■ **WORK TASK**: Your answer should hold exactly the lines below from the line with "大多數(shù)的體液在高強" through the line with "钢琴谱:白月光与朱砂痣-简单版 C调版", both included, and no pictures at all.
(PROVIDED ENTRIES Opens)
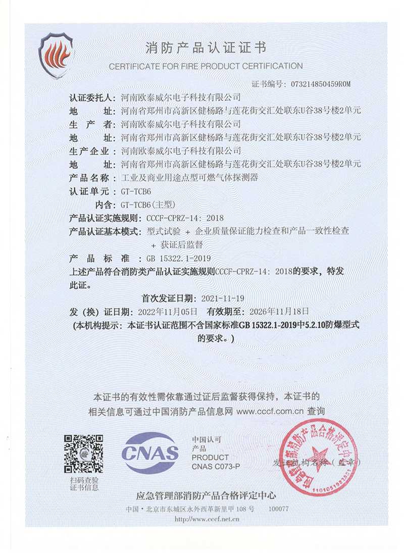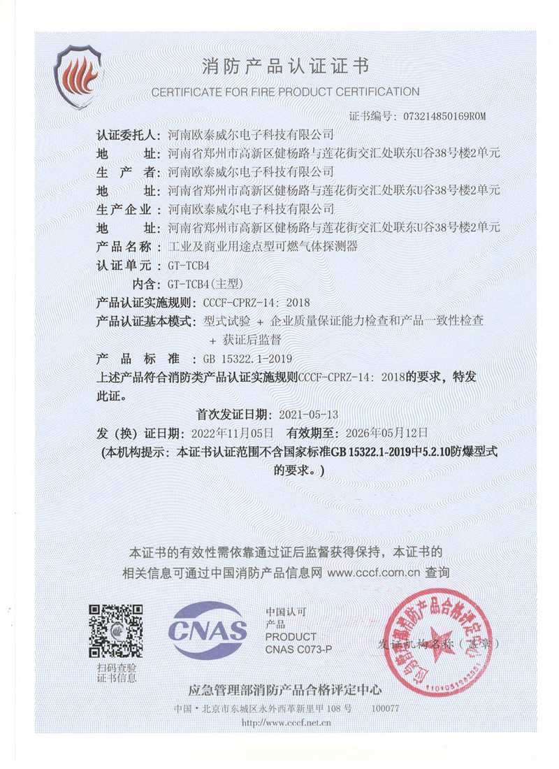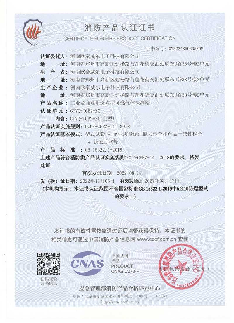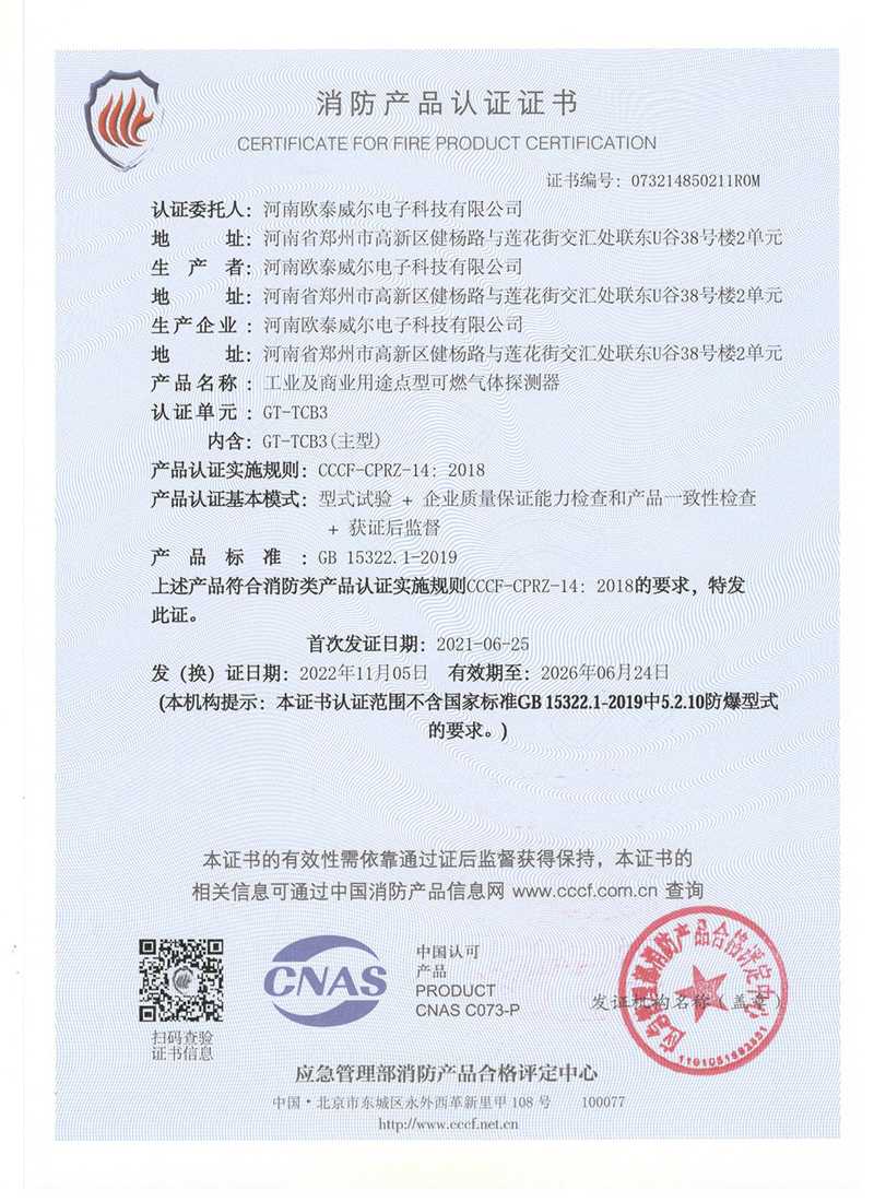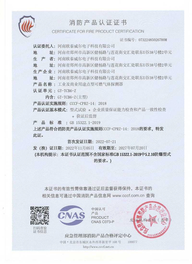 歐泰威爾作為國內(nèi)較知名的物聯(lián)網(wǎng)氣體探測儀器制造商,公司高度重視與國內(nèi)外大專院校的技術(shù)創(chuàng)新與學(xué)術(shù)成果交流,擁有專業(yè)氣體探測研發(fā)機(jī)構(gòu),專業(yè)質(zhì)檢生產(chǎn)工藝及相關(guān)檢測設(shè)備,技術(shù)力量雄厚,并不斷致力于產(chǎn)品品質(zhì)提升,公司及產(chǎn)品先后取得國家防爆電氣產(chǎn)品合格證、國家防爆電氣安裝、修理、維護(hù)資格證,國家應(yīng)急管理部消防產(chǎn)品CCCF認(rèn)證,國家計(jì)量器具形式批準(zhǔn)證書等并在國家權(quán)威部門形式注冊。
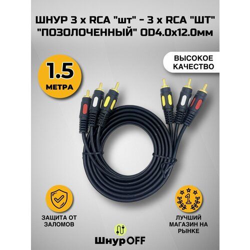 НАЙТИ ВЫГОДНЕЕ - Шнур 3 x RCA шт - 3 x RCA шт позолоченный OD4.0x12.0мм (1.5 метра)
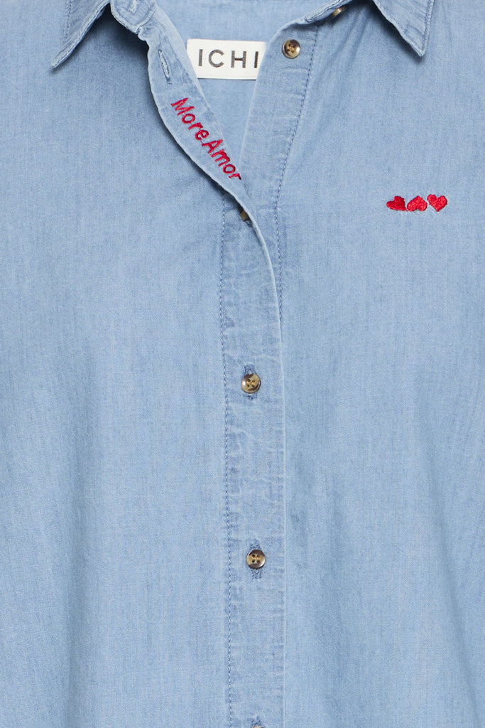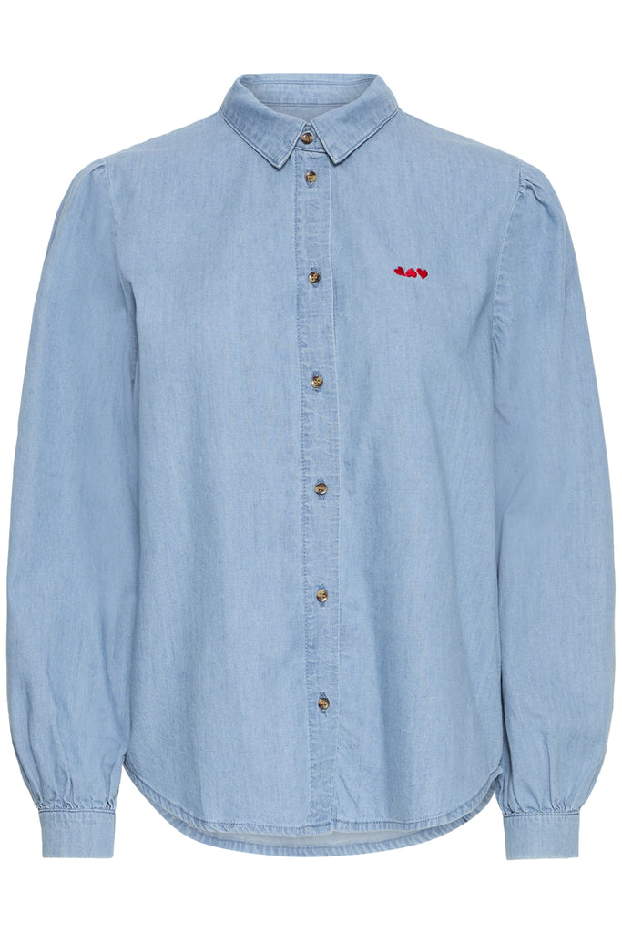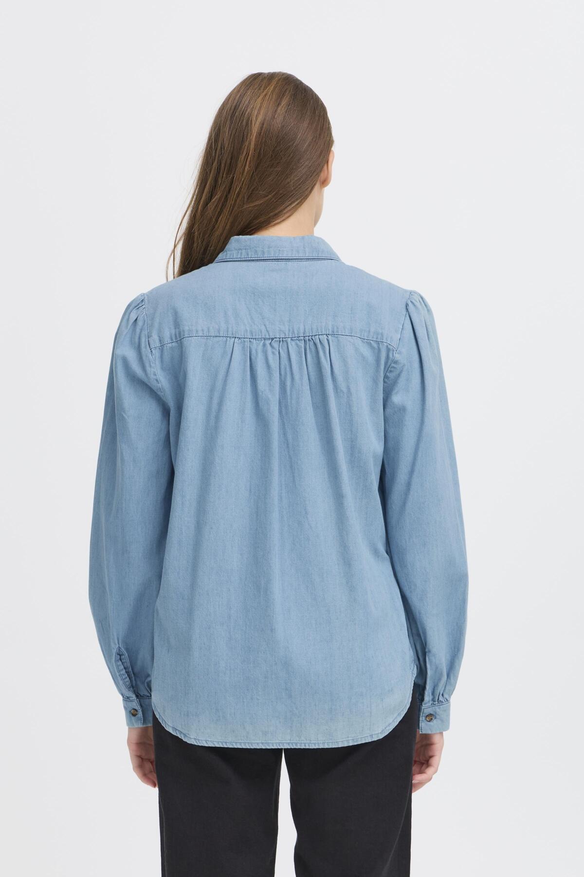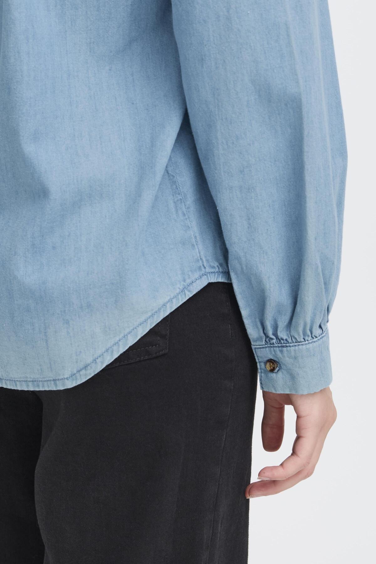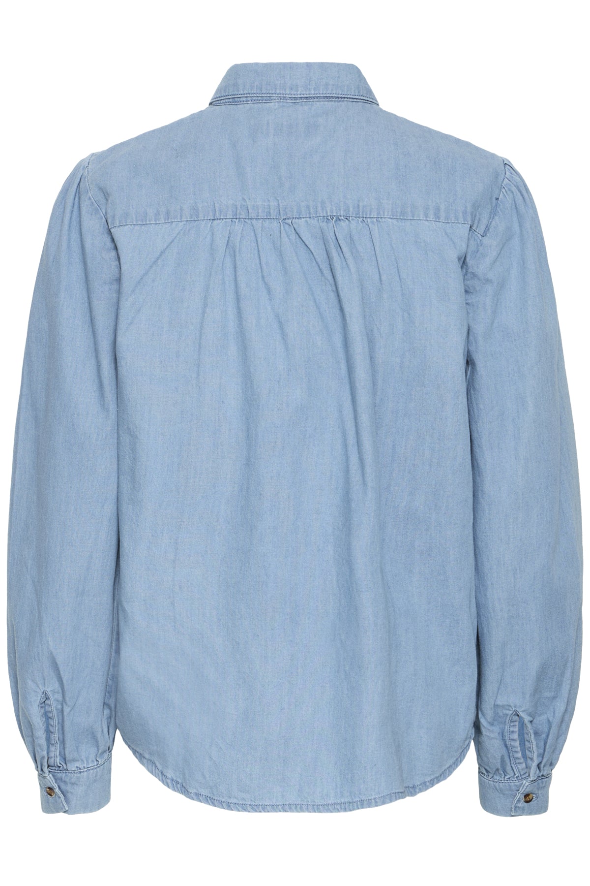 Dieses Damen-Denimhemd bietet eine lockere Passform und klassischen Schnitt. Die lange Knopfleiste, spitzer Kragen und geraffte Ärmelbündchen sorgen für vielseitigen Stil im Alltag.
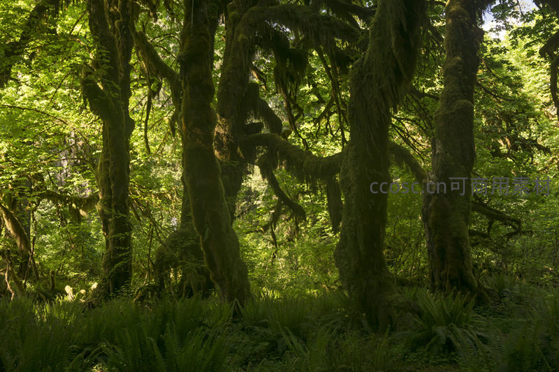 粗壮的树干与枝桠被厚厚的苔藓包裹,仿佛森林的守护者,在柔和的光线下展现出古老而庄严的生命力。
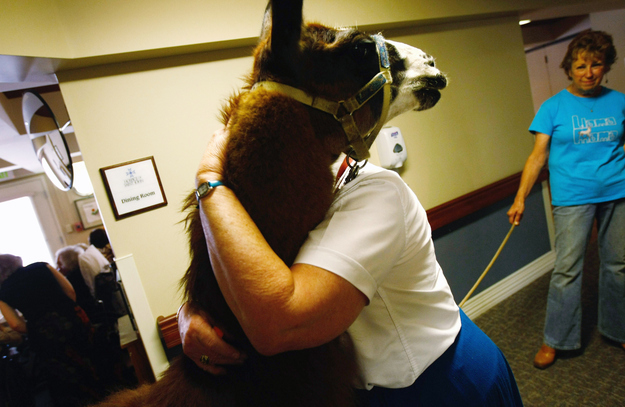 4. Výskum ukázal, že lamy sú jedným z najlepších terapeutických zvierat na svete. Na tejto foto dostáva Pisco pusu od sestričky v miestnej nemocnici, ktorú pravidelne navštevuje.
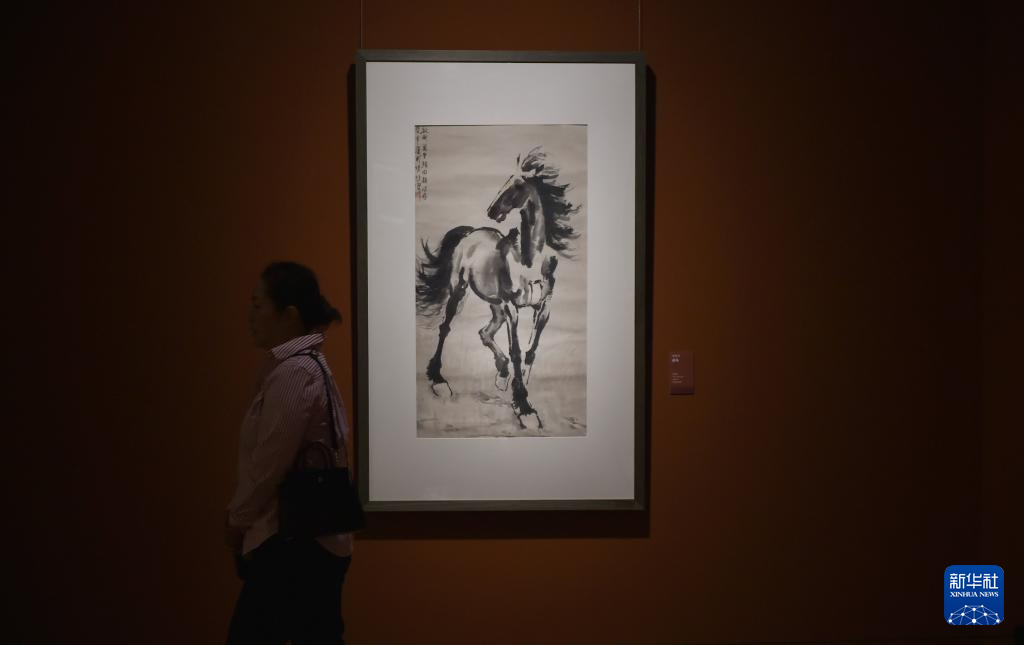 这是8月25日在中国美术馆拍摄的徐悲鸿创作的《战马》。
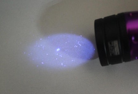 大多數(shù)的體液在高強度的紫外線作用下可以看到,是因為體液有自然熒光反射的特點。在復雜的刑偵現(xiàn)場,可以利用高強度的紫外線燈簡單及不復雜的使用方式尋找到有價值的痕跡。在高強度紫外線能量的激發(fā)下,這些體液的熒光反射是人的肉眼可以直接看到的。雖然,這種方式不能直接確認所找到的體液是哪一種,但是,通過使用高強度紫外線燈遠距離大面積的搜尋,可以直接幫助你確定在哪里有提取價值的痕跡物證,然后可以對 這些地方進行編號標出,從而為下一步的分析提供有價值的物證。
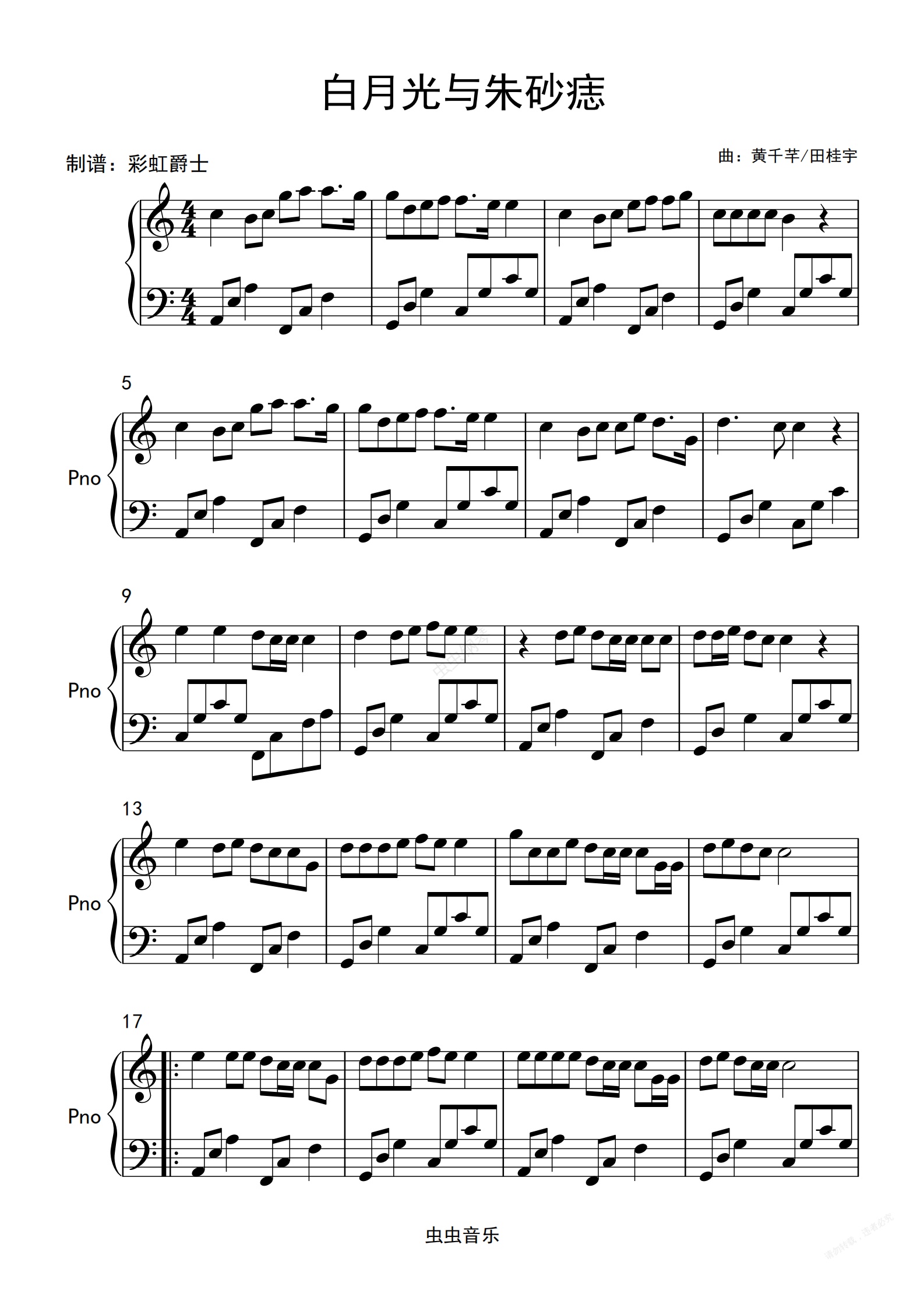 钢琴谱:白月光与朱砂痣-简单版 C调版
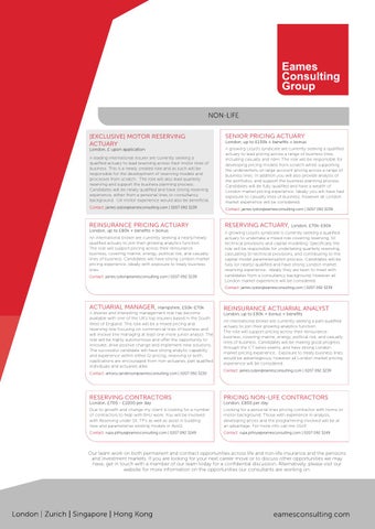 ACTUARIAL MANAGER, Hampshire, £50k-£70k A diverse and interesting management role has become available with one of the UK's top insurers based in the South West of England. This role will be a mixed pricing and reserving role focusing on commercial lines of business and will involve line managing at least one more junior analyst. The role will be highly autonomous and offer the opportunity to innovate, drive positive change and implement new solutions. The successful candidate will have strong analytic capability and experience within either GI pricing, reserving or both. Applications are encouraged from non-actuaries, part qualified individuals and actuaries alike. Contact: antony.sanderson@eamesconsulting.com | 0207 092 3230
(PROVIDED ENTRIES Closes)
■ **TASK RESPONSE**:
 大多數(shù)的體液在高強度的紫外線作用下可以看到,是因為體液有自然熒光反射的特點。在復雜的刑偵現(xiàn)場,可以利用高強度的紫外線燈簡單及不復雜的使用方式尋找到有價值的痕跡。在高強度紫外線能量的激發(fā)下,這些體液的熒光反射是人的肉眼可以直接看到的。雖然,這種方式不能直接確認所找到的體液是哪一種,但是,通過使用高強度紫外線燈遠距離大面積的搜尋,可以直接幫助你確定在哪里有提取價值的痕跡物證,然后可以對 這些地方進行編號標出,從而為下一步的分析提供有價值的物證。
 钢琴谱:白月光与朱砂痣-简单版 C调版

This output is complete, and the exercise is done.